For the fifth consecutive month, analysts found Chicago experienced a decline, moving from 2.84 percent back in December 2011 to 1.85 percent in May.
"That's almost a one percentage point decline and a new low," Blitzer pointed out.
Meanwhile, the firm noted Miami and New York both fell for the fourth consecutive month. Miami dropped by 59 basis points from an April reading of 3.14 percent to May's level of 2.55 percent.
"While still the highest default rate, Miami hit a post-recession low," Blitzer emphasized. "To put this into further perspective, the high for Miami was 18.9 percent in May 2009, three years ago."
Analysts mentioned New York decreased 17 basis points over the month from 1.78 percent in April to 1.61 percent in May. They added Dallas hits its lowest rate in its eight years of history, moving down by 31 basis points from 1.25 percent in April to 0.94 percent in May and retains the lowest rate among the five cities they follow.

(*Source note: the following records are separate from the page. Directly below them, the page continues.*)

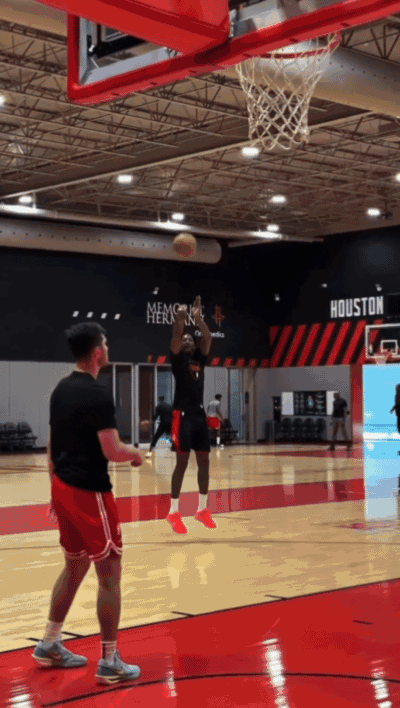 视频中,两人均上身带有火箭LOGO的训练服,练习着投篮,且保持着相当不错的命中率。值得一提的是,稍早前,火箭官方也晒出了杜兰特来到球馆和球队合练的视频。
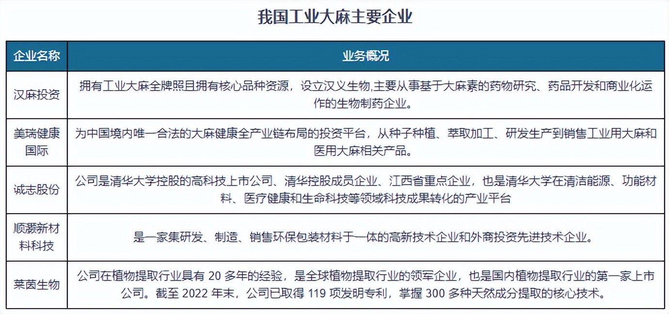 二、国内仅汉麻投资等少数企业具备加工资质,工业大麻市场集中度较高
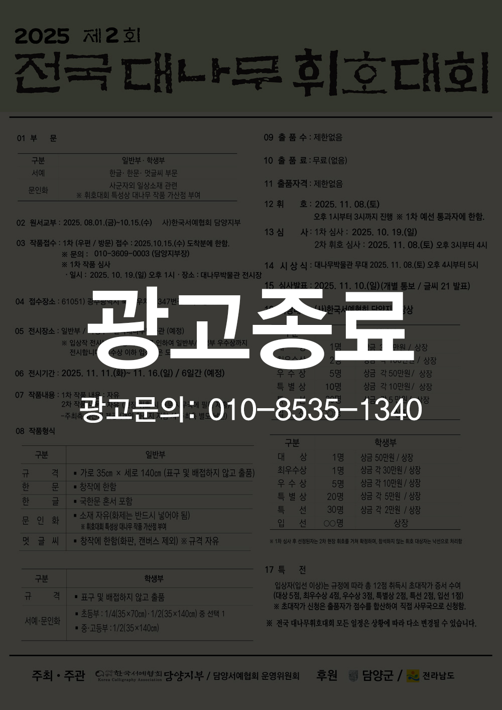 제2회 전국대나무휘호대회 / 접수: 8.01~10.15, 문의: 한국서예협회 담양지부 |
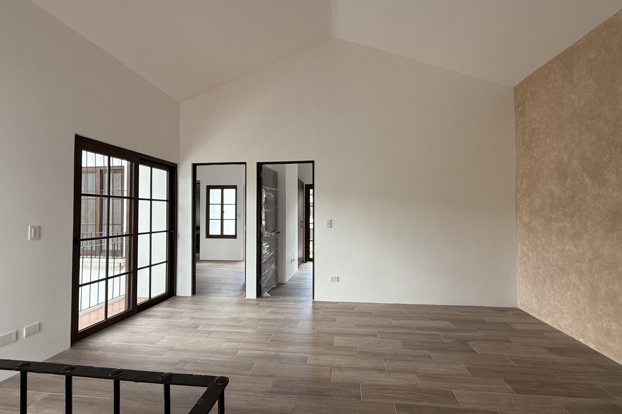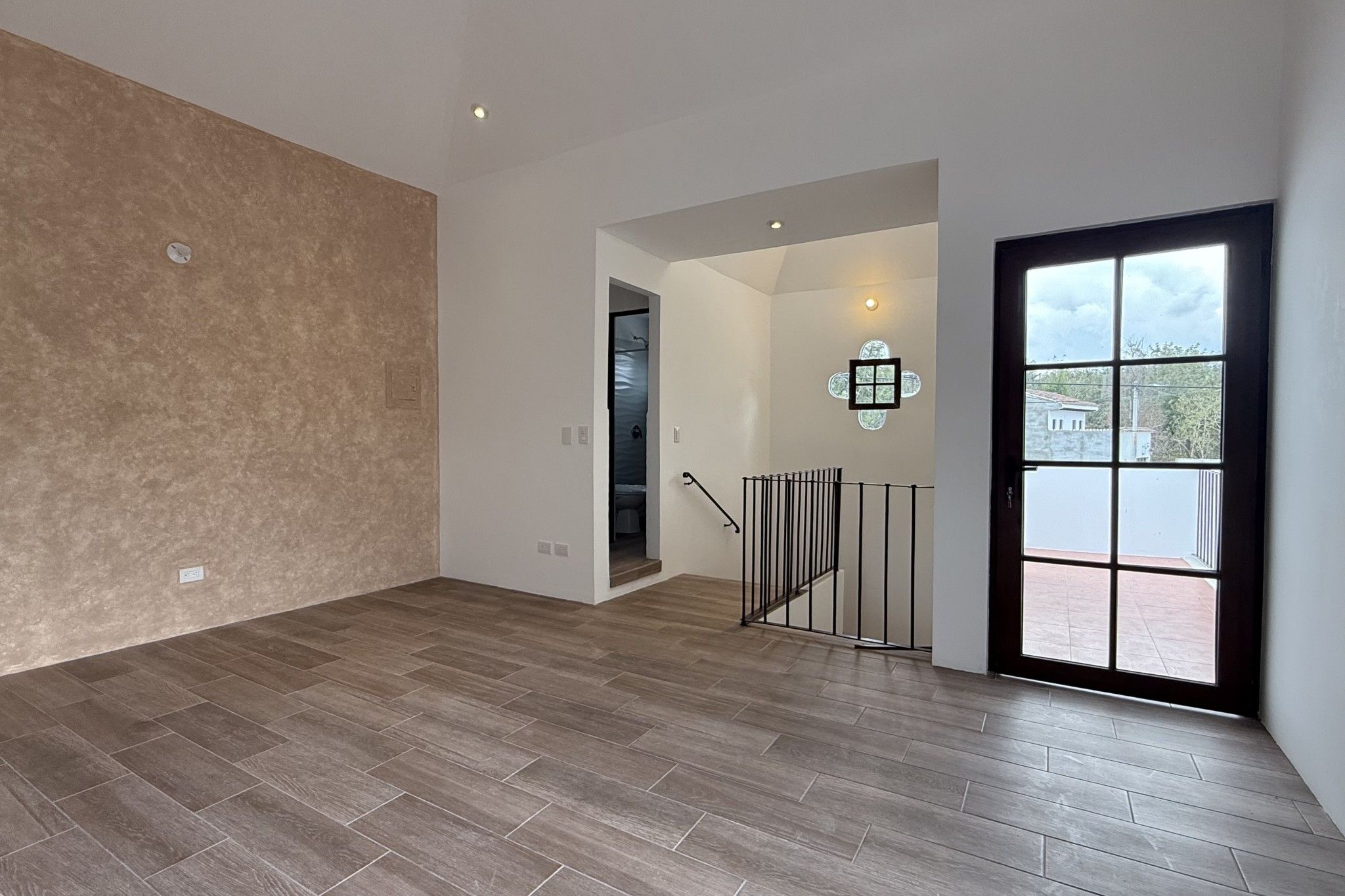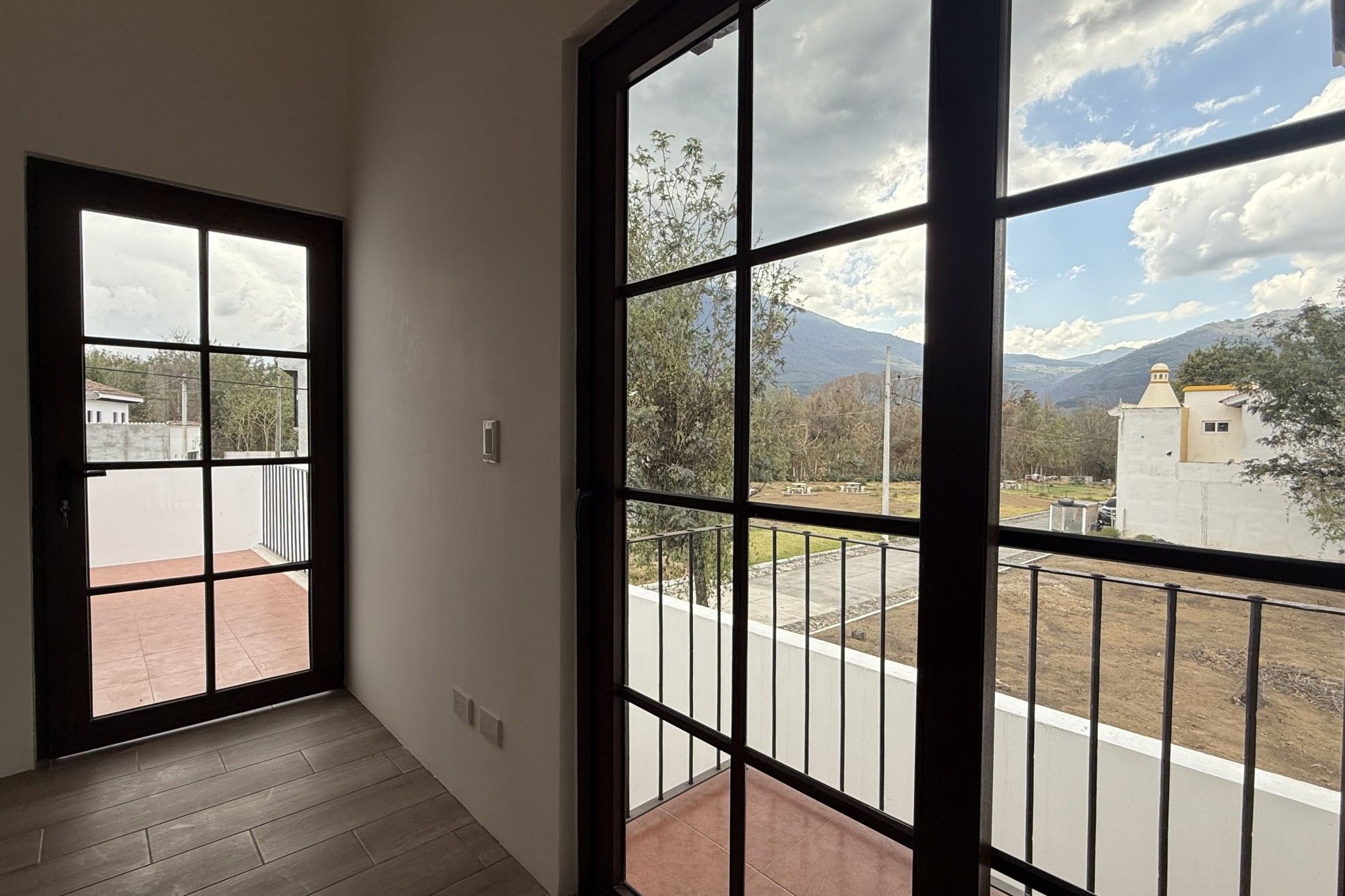 En la planta alta, la distribución prioriza privacidad y amplitud. Dos habitaciones adicionales se ubican a cada lado de una sala familiar central, generando una separación cómoda entre dormitorios. Desde este nivel se tiene acceso a una terraza con vistas abiertas hacia los volcanes, uno de los elementos que mejor complementan la experiencia de la propiedad.
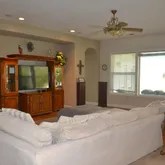 2nd and 3rd BEDROOMS, HALL BATH and LAUNDRY: Both bedrooms are at the end of an oversized hallway. One with carpet and the other wood flooring. Hall bath has dual sinks in hickory vanity, Door separates vanity from tub over tiled shower and sliding glass doors, Travertine flooring, Laundry has storage cabinets and sink. Travertine flooring. Opens to three car garage. Sheetrocked and insulated.
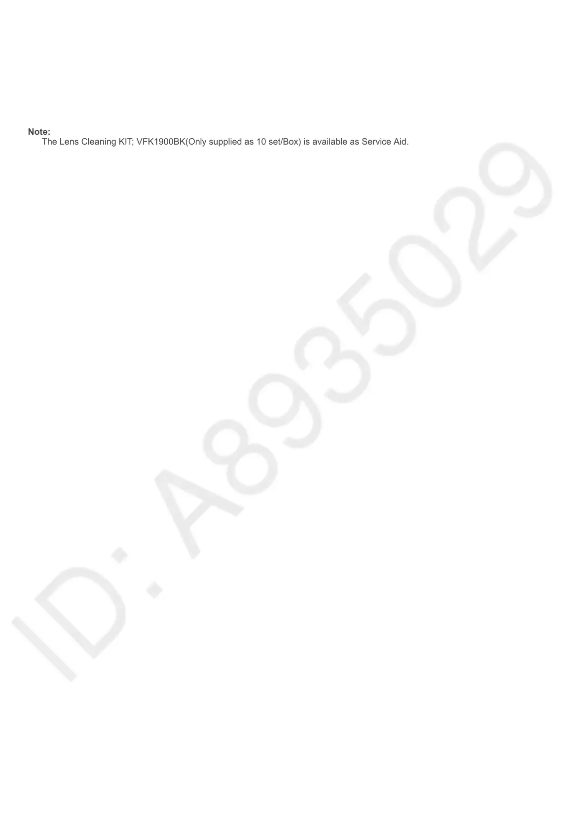 The Lens Cleaning KIT; VFK1900BK(Only supplied as 10 set/Box) is available as Service Aid.
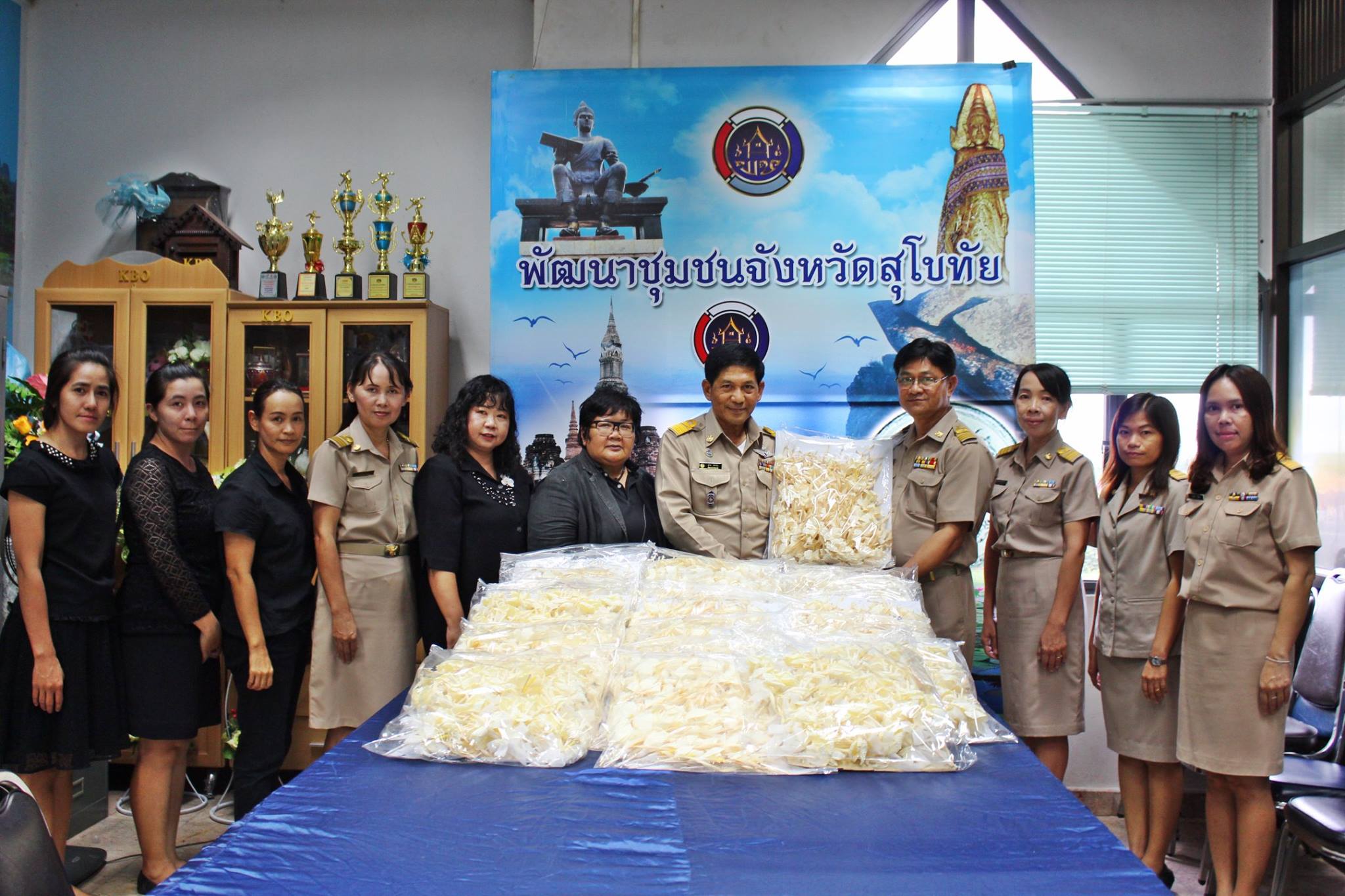วันที่ 21 สิงหาคม 2560 นายสุวิน พึ่งเงิน พัฒนาการจังหวัดสุโขทัย พร้อมด้วยนางสาวกฤษณา กันทะสา หัวหน้ากลุ่มงานสารสนเทศฯ รับมอบดอกไม้จันทน์พระราชทาน จากผู้แทนผู้อำนวยการสำนักงานเขตพื้นที่การศึกษามัธยมศึกษา(สพม.) เขต 38 (สุโขทัย-ตาก) โดยมีดอกไม้จันทน์พระราชทาน จำนวน 4,000 ดอก เพื่อทูลเกล้าฯ ถวายในพระราชพิธีถวายพระเพลิงพระบรมศพพระบาทสมเด็จพระปรมินทรมหาภูมิพลอดุลยเดช บรมนาถบพิตร ณ ห้องประชุมสำนักงานพัฒนาชุมชนจังหวัดสุโขทัย
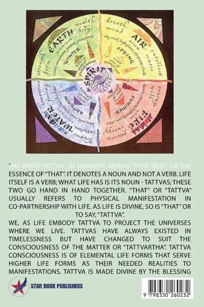 THE WORD TATTVA, IN SANSKRIT, MEANS "THAT-NESS" OR THE ESSENCE OF "THAT." IT DENOTES A NOUN AND NOT A VERB. LIFE ITSELF IS A VERB; WHAT LIFE HAS IS ITS NOUN - TATTVAS: THESE TWO GO HAND IN HAND TOGETHER. "THAT OR TATTVA" USUALLY REFERS TO PHYSICALMANIFESTATION IN CO-PARTNERSHIP WITH LIFE. AS LIFE IS DIVINE, SO IS "THAT' OR. TO SAY - TATTVA. WE, AS LIFE EMBODY TATTVA TO PROJECTTEH UNIVERSES WHERE WE LIVE. TATTVAS HAVE ALWAYS EXISTED IN TIMELESSNESS BUT HAVE CHANGED TO SUIT AND RENEW LIFE'S DEMANDS. SUCH EMBODIED LIFE BECOMES THE CONSCIOUSNESS OF THE MATTER OR TATTVARTHA. TATTVA CONSCIOUSNESS IS OF ELEMENTAL LIFE FORMS TAHT SERVE HIGHER LIFE FORMS AS THEIR NEEDED REALITIES TO MANIFESTATIONS. TATTVA IS MADE DEIVINE BY THE BLESSING OF LORD VISHNU.

S&P and Experian also noted Los Angeles posted a moderate decline from 1.88 percent in April to 1.82 percent in May.
Blitzer touched on one other point from the index findings.
"Data from the Federal Reserve show that consumer borrowing through bank cards and auto loans was rising while mortgages outstanding were declining at the end of the first quarter," he indicated.
Jointly developed by S&P Indices and Experian, Blitzer reiterated the S&P/Experian Consumer Credit Default Indices are published monthly with the intent to accurately track the default experience of consumer balances in four key loan categories: auto, bankcard, first mortgage lien and second mortgage lien.
The indices are calculated based on data extracted from Experian's consumer credit database. This database is populated with individual consumer loan and payment data submitted by lenders to Experian every month.
Experian's base of data contributors includes leading banks and mortgage companies and covers approximately $11 trillion in outstanding loans sourced from 11,500 lenders.